There is also the question of the quality of childcare - and Liz Truss' proposal to have more under 5s per member of staff, who are trained to be compliant and purposeful (the toddlers, not the staff!) will certainly not make for better childcare.
My own mother was a stay at home mum, and I don't think this made me emotionally more stable - in fact I struggled severely with shyness and low self esteem in childhood, so much so that I loathed going to school throughout my primary years (and I didn't exactly love it in secondary but at least I had some friends by then). I can't help but wonder if I could have benefited from more nursery hours than the 3 hours per day that I got from 4 years of age.
So there is no black and white, no ideal situation. Because we can't exactly all be highly educated mums who then abdicate their blossoming careers in favour of being Stay at Home Mums. Some of us aren't highly educated. Some of us can't find a job. Some of us can't find the part time job we want. Some of us are better parents if they're not full time parents. Most working parents will go through incredible lengths to ensure that the time they do spend with their children is the best it can be. Above all we've all looked at the evidence and made our choices. I know how important it is to reconnect with my children when I get back, we practice most of what falls under attachment parenting (though I don't follow it as a philosophy, it's just what happened to be our preferred style), we spend quality time together and I listen to my children all the time. I work on improving my parenting and can draw from all the knowledge that comes with delivering a parenting programme. I have amazing childcare providers, so amazing that both my children look forward to it and miss it in the holidays.
And while I believe that Cubling started childcare too early (which was outwith my control and I do not feel in any way guilty about it), there is no doubt in my mind that I've given both my children the best possible start in life I can, all considered.

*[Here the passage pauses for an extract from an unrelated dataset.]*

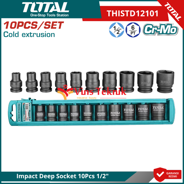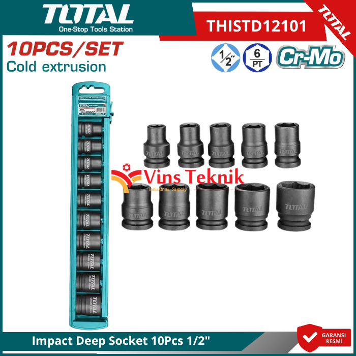Desain Impact-Ready: Khusus digunakan dengan... Read More OTAL THISTD12101 adalah set mata kunci soket impact (impact socket set) berukuran 1/2 inci yang terdiri dari 10 potong mata soket. Produk ini dirancang untuk penggunaan profesional pada mesin pembuka baut (impact wrench) karena materialnya yang tahan terhadap hentakan tinggi

So, I do not believe that I'm a worse parent for working 4 days a week. I also don't buy into the argument that having a fair deal for Stay At Home Mums is encouraging people to be/stay on benefits (because really, who wants to be on those meagre benefits? Exactly, nobody). We all make or are having to make different and difficult choices but all of us are trying to be the best parent to our children whom we love more than ourselves. And those choices should be respected, valued and viable.